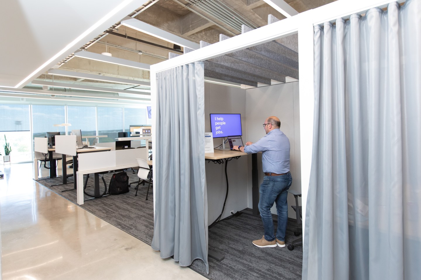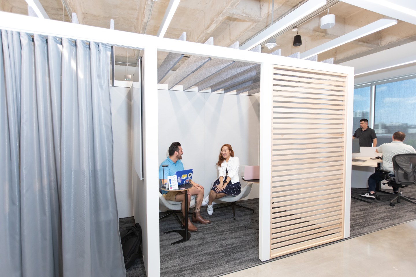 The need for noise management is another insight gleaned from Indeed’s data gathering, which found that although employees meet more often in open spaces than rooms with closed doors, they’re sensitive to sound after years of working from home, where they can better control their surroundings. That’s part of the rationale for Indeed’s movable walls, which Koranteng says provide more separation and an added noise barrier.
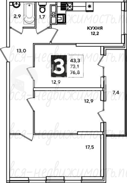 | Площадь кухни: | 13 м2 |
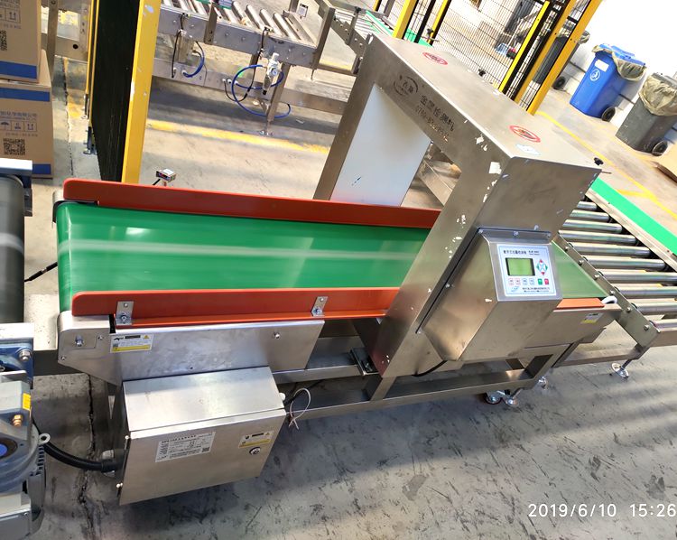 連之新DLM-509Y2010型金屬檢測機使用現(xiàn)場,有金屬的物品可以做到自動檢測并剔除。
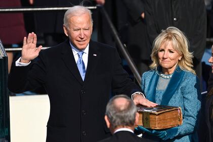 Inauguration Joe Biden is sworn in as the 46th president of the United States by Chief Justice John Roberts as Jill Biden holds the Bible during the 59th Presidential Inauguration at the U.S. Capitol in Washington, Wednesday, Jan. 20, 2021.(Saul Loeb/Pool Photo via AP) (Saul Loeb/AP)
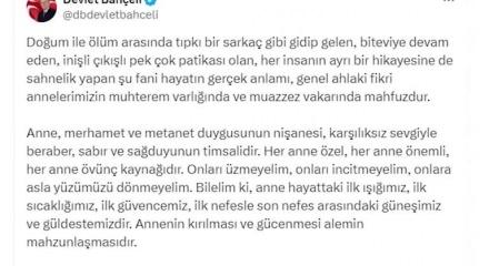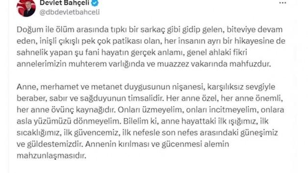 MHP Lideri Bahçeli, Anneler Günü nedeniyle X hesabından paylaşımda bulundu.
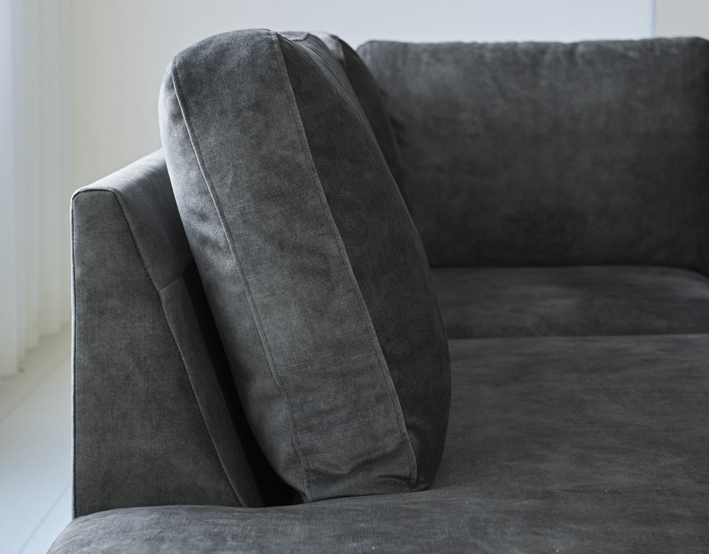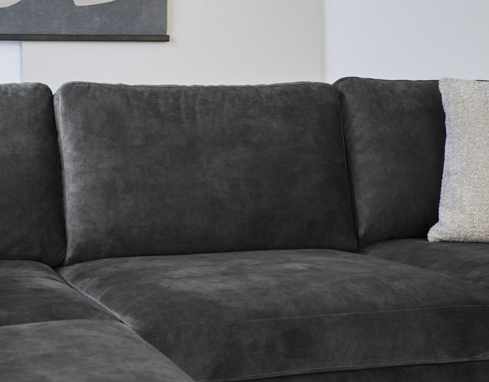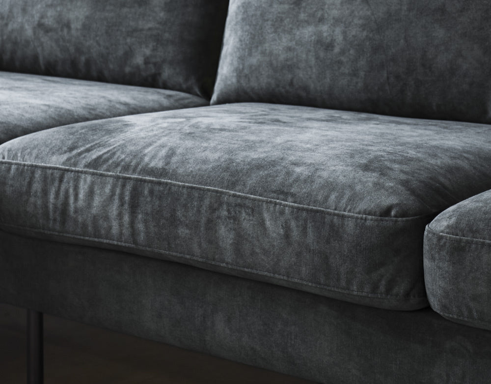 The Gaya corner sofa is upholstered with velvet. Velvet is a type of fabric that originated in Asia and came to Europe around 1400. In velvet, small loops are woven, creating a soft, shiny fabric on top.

■ ■ ■ ■ ■ ■ ■

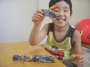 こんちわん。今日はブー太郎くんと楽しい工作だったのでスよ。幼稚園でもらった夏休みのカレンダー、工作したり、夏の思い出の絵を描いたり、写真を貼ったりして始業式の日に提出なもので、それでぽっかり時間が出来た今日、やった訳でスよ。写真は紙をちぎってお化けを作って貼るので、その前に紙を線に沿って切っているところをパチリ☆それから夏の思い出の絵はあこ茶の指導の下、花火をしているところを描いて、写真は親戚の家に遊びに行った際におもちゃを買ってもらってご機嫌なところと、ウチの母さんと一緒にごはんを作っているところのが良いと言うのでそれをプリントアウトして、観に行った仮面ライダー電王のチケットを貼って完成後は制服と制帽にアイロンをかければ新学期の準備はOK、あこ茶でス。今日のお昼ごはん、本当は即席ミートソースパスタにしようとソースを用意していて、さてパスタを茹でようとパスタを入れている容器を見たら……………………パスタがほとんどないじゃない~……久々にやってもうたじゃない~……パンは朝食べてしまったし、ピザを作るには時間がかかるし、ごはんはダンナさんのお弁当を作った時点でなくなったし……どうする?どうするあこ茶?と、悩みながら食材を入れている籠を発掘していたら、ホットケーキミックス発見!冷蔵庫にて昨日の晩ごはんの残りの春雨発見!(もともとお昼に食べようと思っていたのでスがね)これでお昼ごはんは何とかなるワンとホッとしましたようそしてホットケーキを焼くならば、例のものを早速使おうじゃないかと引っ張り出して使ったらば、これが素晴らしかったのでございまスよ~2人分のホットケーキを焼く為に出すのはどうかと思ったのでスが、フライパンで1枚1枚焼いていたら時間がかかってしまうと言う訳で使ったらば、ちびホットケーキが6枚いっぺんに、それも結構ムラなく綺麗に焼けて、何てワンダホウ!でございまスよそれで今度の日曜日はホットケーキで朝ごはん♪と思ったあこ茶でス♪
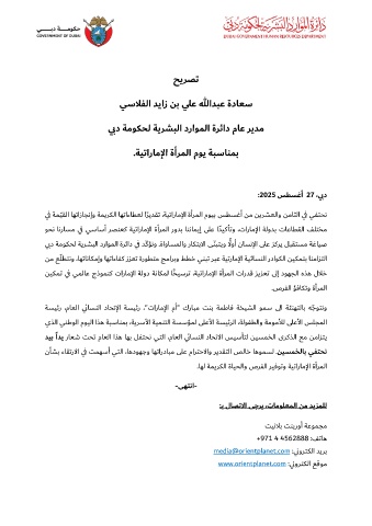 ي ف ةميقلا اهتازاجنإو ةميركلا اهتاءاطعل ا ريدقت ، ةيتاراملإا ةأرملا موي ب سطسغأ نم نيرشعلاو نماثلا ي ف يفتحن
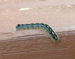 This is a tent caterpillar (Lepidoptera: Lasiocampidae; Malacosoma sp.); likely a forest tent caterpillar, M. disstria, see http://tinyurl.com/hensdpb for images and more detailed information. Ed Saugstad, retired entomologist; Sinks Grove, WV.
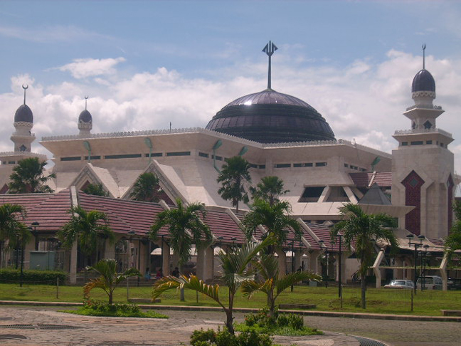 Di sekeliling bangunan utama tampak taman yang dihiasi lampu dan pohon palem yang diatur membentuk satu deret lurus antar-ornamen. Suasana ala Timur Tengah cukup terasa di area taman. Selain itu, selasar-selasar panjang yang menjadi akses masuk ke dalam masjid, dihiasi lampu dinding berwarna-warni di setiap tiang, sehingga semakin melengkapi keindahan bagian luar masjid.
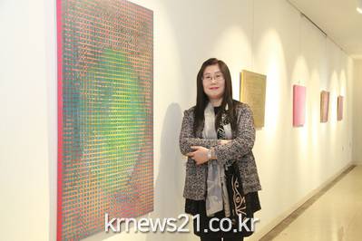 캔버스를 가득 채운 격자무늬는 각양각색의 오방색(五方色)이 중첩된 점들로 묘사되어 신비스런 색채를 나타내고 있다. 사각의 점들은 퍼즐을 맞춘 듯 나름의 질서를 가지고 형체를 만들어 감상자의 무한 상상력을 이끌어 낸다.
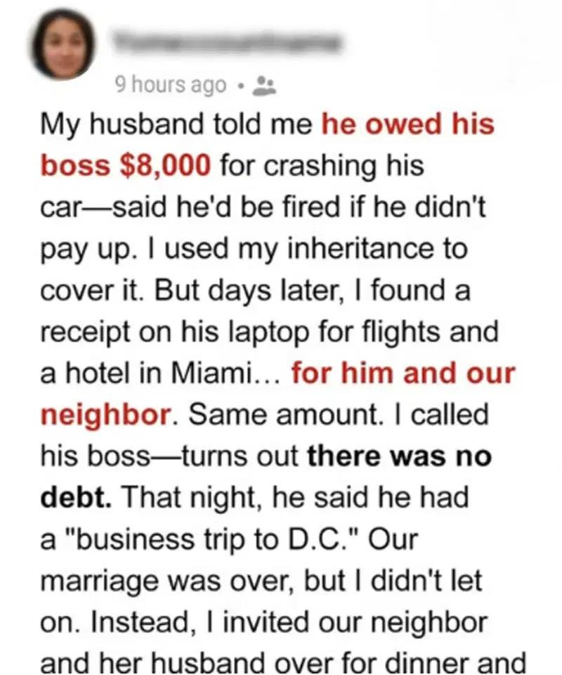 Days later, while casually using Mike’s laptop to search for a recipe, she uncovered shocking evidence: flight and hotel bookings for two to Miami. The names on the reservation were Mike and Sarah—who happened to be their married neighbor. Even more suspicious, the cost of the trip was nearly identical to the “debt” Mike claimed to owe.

■ ■ ■ ■ ■ ■ ■

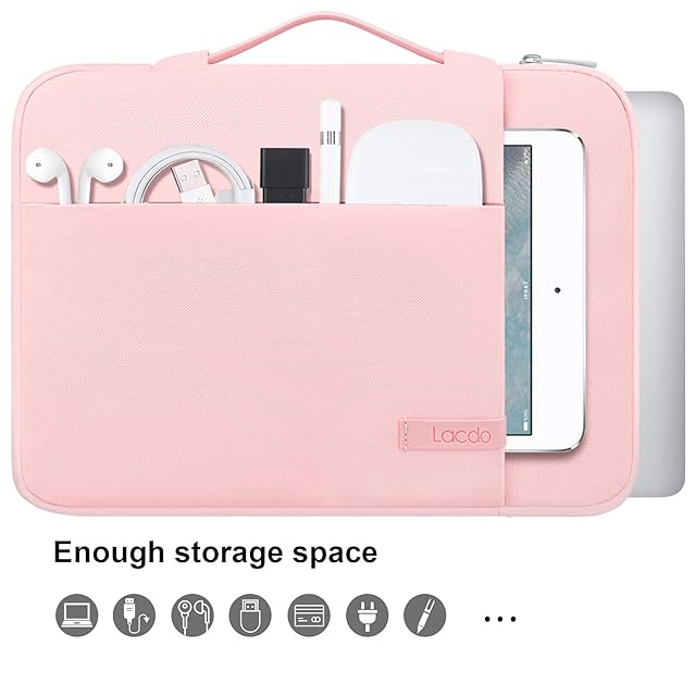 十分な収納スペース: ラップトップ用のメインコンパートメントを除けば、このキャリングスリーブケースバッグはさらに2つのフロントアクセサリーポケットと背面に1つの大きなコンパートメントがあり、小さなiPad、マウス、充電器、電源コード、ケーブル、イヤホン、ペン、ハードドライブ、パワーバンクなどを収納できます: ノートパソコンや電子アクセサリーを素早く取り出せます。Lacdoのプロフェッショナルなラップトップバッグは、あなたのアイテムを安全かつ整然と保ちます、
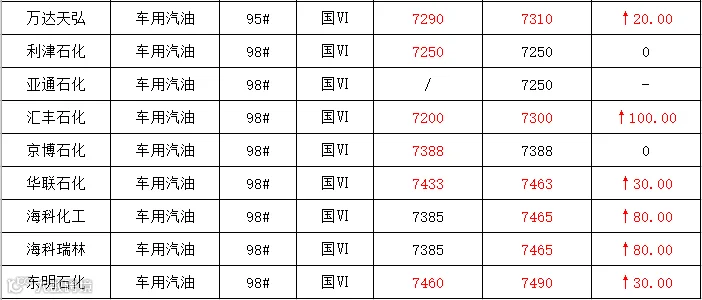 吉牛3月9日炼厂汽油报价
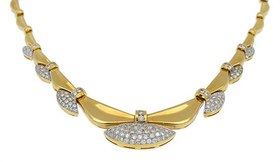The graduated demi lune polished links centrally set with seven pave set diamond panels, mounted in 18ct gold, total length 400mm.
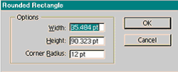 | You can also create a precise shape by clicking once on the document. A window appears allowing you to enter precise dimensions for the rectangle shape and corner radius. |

■ ■ ■ ■ ■ ■ ■

Your objective: Reproduce the listing above only between the lines holding "The need for" and "The Gaya corner", inclusive. Every line must match exactly, and pictures are dropped.

Result of this exercise:
 The need for noise management is another insight gleaned from Indeed’s data gathering, which found that although employees meet more often in open spaces than rooms with closed doors, they’re sensitive to sound after years of working from home, where they can better control their surroundings. That’s part of the rationale for Indeed’s movable walls, which Koranteng says provide more separation and an added noise barrier.
 | Площадь кухни: | 13 м2 |
 連之新DLM-509Y2010型金屬檢測機使用現(xiàn)場,有金屬的物品可以做到自動檢測并剔除。
 Inauguration Joe Biden is sworn in as the 46th president of the United States by Chief Justice John Roberts as Jill Biden holds the Bible during the 59th Presidential Inauguration at the U.S. Capitol in Washington, Wednesday, Jan. 20, 2021.(Saul Loeb/Pool Photo via AP) (Saul Loeb/AP)
 MHP Lideri Bahçeli, Anneler Günü nedeniyle X hesabından paylaşımda bulundu.
 The Gaya corner sofa is upholstered with velvet. Velvet is a type of fabric that originated in Asia and came to Europe around 1400. In velvet, small loops are woven, creating a soft, shiny fabric on top.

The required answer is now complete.